Kamisan Sumarsih, Belasan Tahun Melahap Janji-janji Negara

CNN Indonesia
Sabtu, 21 Mei 2022 16:10 WIB
Sudah 15 tahun Sumarsih teguh menghadiri aksi Kamisan di seberang Istana, menuntut tanggung jawab negara atas anaknya yang tewas pada periode reformasi.
Ilustrasi. Aktivis Jaringan Solidaritas Korban untuk Keadilan mengikuti aksi Kamisan ke-605 di depan Istana Merdeka, Jakarta, Kamis, 10 Oktober 2019. (CNN Indonesia/Adhi Wicaksono)
Jakarta, CNN Indonesia --

Sudah 24 tahun berlalu sejak Presiden kedua RI Soeharto mengumumkan pengunduran dirinya sebagai penguasa pada 21 Mei 1998. Selama itu pula tuntutan penuntasan kasus HAM berat pada peristiwa reformasi 1998 terus bergulir.

Sudah 15 tahun, Maria Sumarsih tak pernah absen saban Kamis--kemudian dikenal dengan Aksi Kamisan-- menuntut negara menuntaskan kasus HAM berat yang menewaskan putranya, Bernadinus Realino Norma Irawan (Wawan) pada 1998 silam.

Tak sendirian, Sumarsih juga didampingi keluarga korban kasus HAM berat lain hingga aktivis dan simpatisan. Aksi yang semula digelar di seberang Istana Merdeka, Jakarta Pusat, belakangan mulai menjalar ke sejumlah daerah.

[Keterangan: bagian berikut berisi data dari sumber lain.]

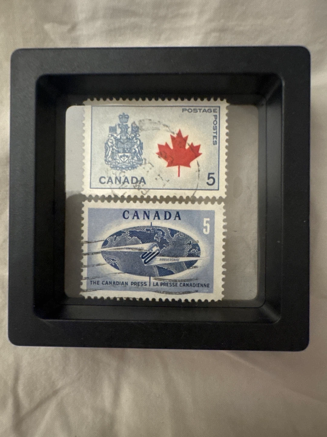 Here's a set of two vintage Canadian stamps, framed & in good condition for their age.
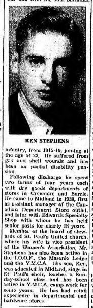 Member of the board of stewards of St. Paul’s United Church, where is wife is vice president of the Women’s Association, Mr. Stephens has been active in the I.O.O.F., the Masonic Lodge and the Y.M.C.A His son, Ken, was educated in Midland, sings in St. Paul’s choir, teaches a Sunday-school class and have been active in the Y.M.C.A. camp work for some years. He has retail experience in departmental and hardware stores.

Tuntutan mereka sama, mendesak negara menuntaskan kasus HAM berat dan menyeret para pelaku dan aktor intelektualnya ke pengadilan. Hingga pekan ini, sudah 728 Kamis setia dilalui Sumarsih dkk di seberang istana kepresidenan.

Dalam surat untuk Presiden Jokowi, Sumarsih bersama Jaringan Solidaritas Korban untuk Keadilan (JSKK) menagih komitmen negara dalam penuntasan tragedi yang telah lalu.

"Harapan saya agar Presiden Jokowi segera memberi tugas kepada Jaksa Agung untuk menindaklanjuti berkas penyelidikan kasus Semanggi I, Semanggi II, dan Trisakti. Agar segera ditindaklanjuti oleh Kejaksaan Agung ke tingkat penyidikan," terang Sumarsih saat dihubungi Minggu (15/5) malam.

Jika terbukti pelanggaran HAM berat benar terjadi, kata Sumarsih, Presiden Jokowi hendaknya juga membentuk Pengadilan HAM ad hoc untuk kasus Trisakti, Semanggi I, dan Semanggi II. Para korban tragedi tersebut, tegasnya, adalah pejuang reformasi dan demokrasi.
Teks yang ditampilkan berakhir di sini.